*** Block opens ***

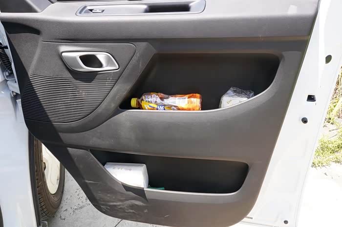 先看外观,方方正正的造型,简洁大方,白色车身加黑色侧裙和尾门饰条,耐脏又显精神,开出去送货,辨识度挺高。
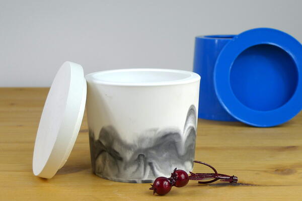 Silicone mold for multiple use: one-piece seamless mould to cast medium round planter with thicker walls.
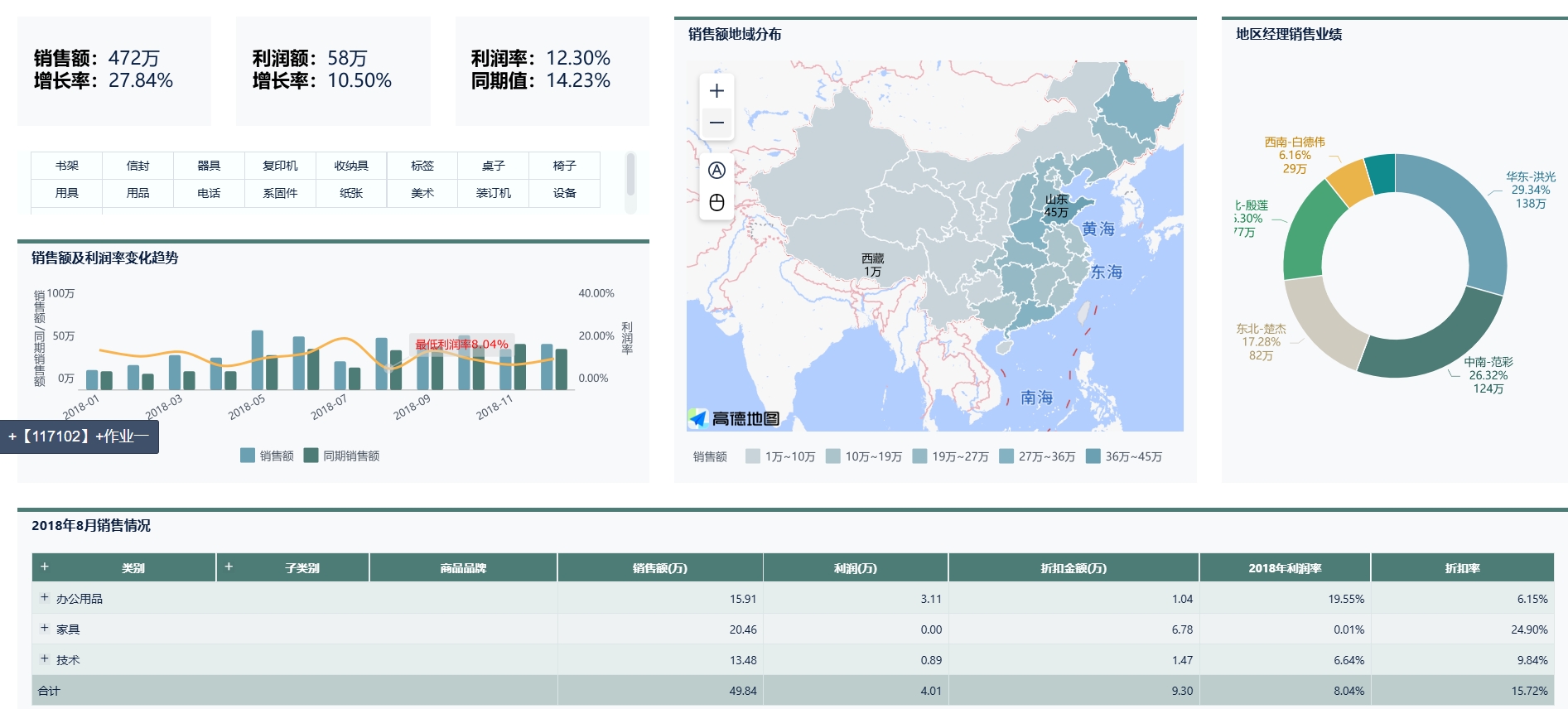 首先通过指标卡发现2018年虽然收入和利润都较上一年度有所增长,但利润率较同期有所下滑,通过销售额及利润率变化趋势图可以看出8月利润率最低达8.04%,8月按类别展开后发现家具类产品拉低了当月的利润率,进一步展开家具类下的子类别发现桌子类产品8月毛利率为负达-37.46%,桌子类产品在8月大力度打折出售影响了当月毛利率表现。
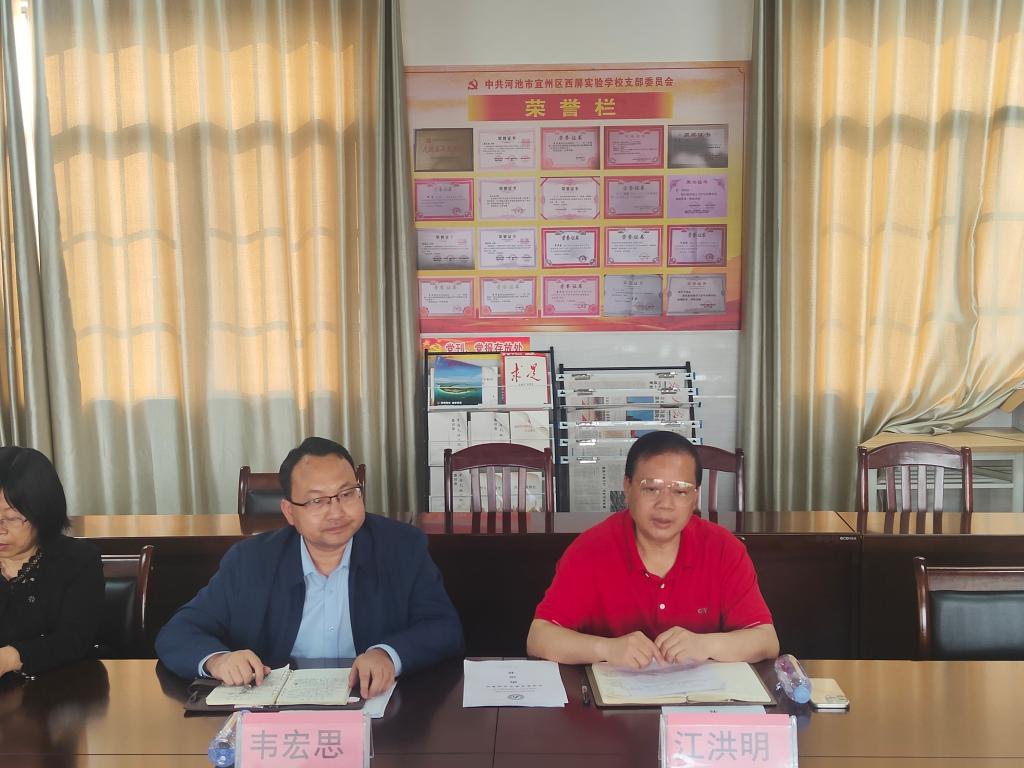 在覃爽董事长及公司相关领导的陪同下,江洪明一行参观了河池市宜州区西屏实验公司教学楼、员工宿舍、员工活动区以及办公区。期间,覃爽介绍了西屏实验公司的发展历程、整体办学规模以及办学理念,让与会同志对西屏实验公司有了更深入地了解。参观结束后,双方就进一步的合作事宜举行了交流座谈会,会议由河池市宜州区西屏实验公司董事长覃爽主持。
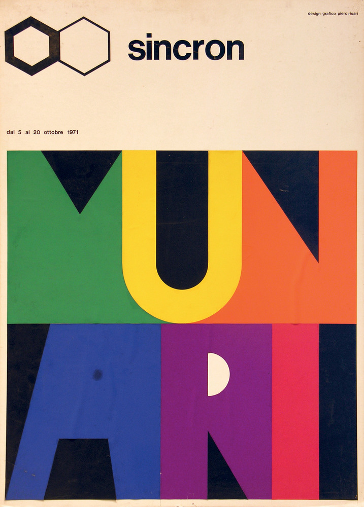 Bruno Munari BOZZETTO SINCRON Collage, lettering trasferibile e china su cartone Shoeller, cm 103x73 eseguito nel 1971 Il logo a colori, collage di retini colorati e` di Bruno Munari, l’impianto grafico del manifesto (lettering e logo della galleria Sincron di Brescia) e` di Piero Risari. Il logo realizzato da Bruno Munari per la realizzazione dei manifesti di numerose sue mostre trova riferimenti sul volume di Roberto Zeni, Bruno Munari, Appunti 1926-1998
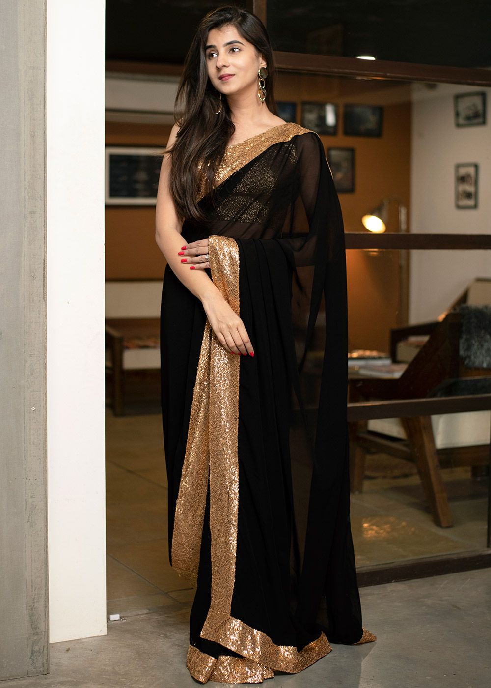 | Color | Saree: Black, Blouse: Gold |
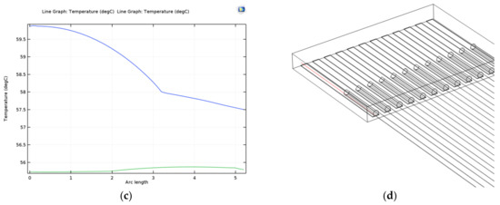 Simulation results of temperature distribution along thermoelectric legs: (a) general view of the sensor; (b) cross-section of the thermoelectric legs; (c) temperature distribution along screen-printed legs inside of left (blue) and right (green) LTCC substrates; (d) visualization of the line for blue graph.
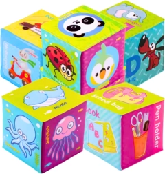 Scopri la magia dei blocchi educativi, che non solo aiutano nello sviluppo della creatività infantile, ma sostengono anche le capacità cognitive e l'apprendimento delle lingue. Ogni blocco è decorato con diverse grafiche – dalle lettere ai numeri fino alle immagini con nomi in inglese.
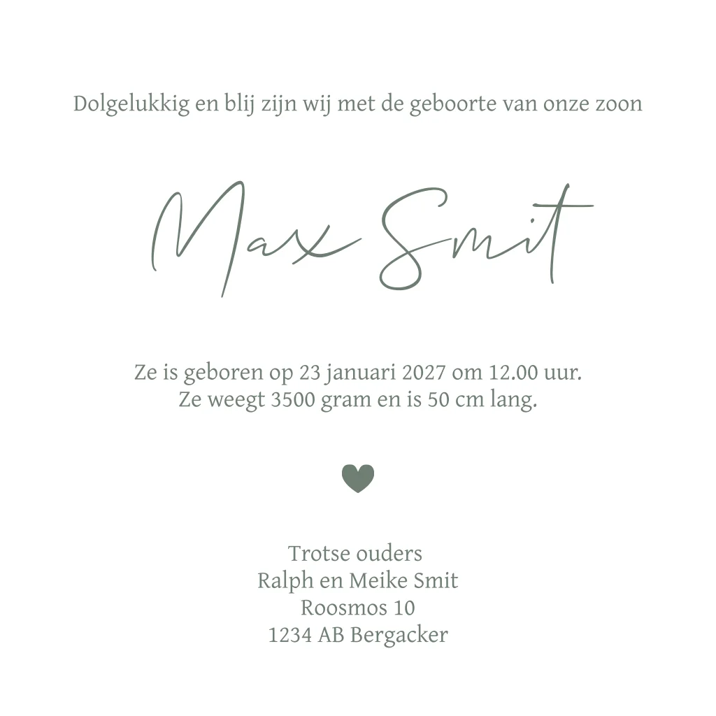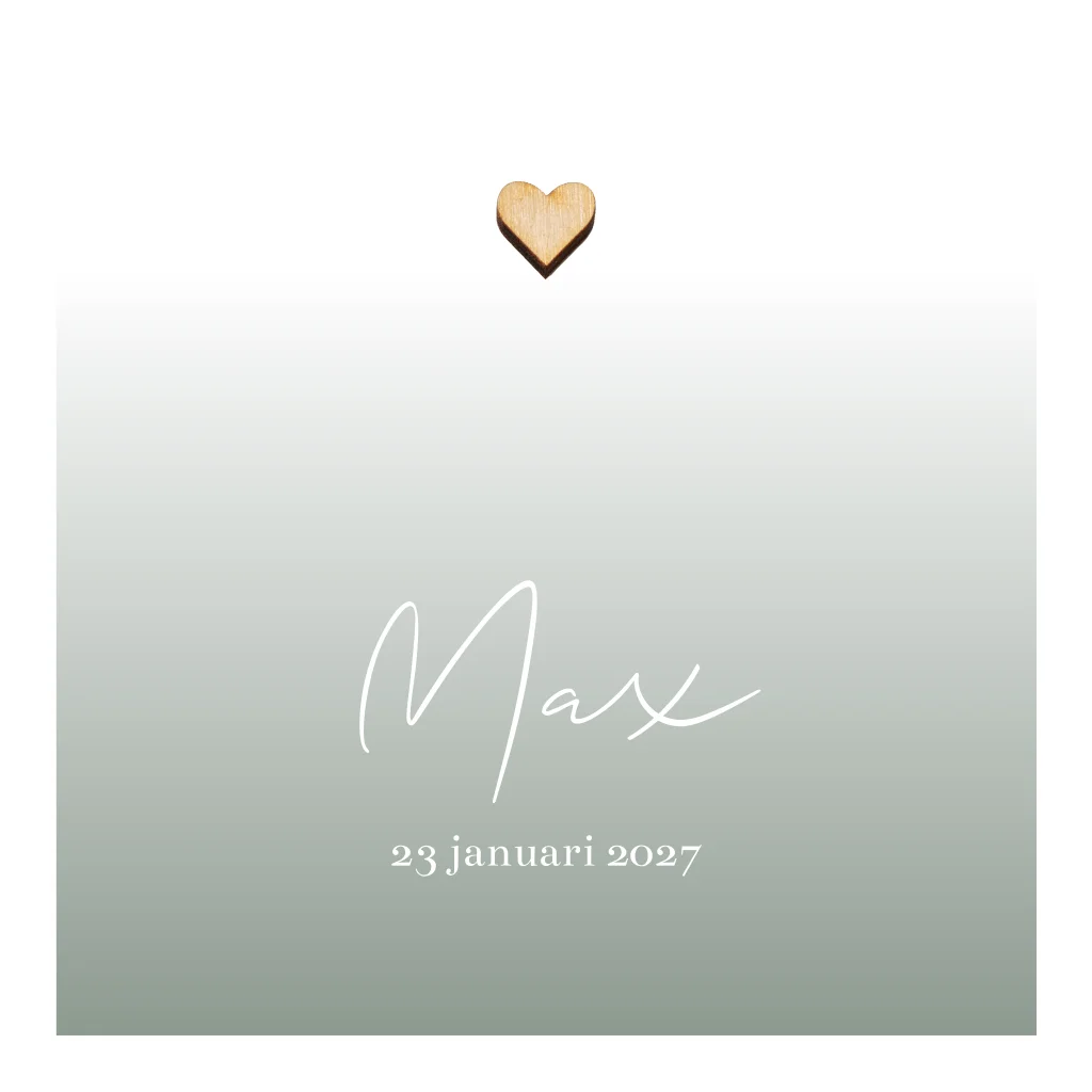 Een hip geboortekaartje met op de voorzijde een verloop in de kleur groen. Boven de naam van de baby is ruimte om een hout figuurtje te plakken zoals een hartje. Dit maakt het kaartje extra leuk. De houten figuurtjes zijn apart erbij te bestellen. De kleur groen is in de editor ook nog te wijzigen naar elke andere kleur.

*** Block closes ***

• _TASK DIRECTIONS_:
Using the material above, reproduce only the lines that run from the line with "首先通过指标卡发现2018年" up to and including the line with "在覃爽董事长及公司相关领导的", exactly, with the pictures dropped.

• _ANSWER SPACE_:
 首先通过指标卡发现2018年虽然收入和利润都较上一年度有所增长,但利润率较同期有所下滑,通过销售额及利润率变化趋势图可以看出8月利润率最低达8.04%,8月按类别展开后发现家具类产品拉低了当月的利润率,进一步展开家具类下的子类别发现桌子类产品8月毛利率为负达-37.46%,桌子类产品在8月大力度打折出售影响了当月毛利率表现。
 在覃爽董事长及公司相关领导的陪同下,江洪明一行参观了河池市宜州区西屏实验公司教学楼、员工宿舍、员工活动区以及办公区。期间,覃爽介绍了西屏实验公司的发展历程、整体办学规模以及办学理念,让与会同志对西屏实验公司有了更深入地了解。参观结束后,双方就进一步的合作事宜举行了交流座谈会,会议由河池市宜州区西屏实验公司董事长覃爽主持。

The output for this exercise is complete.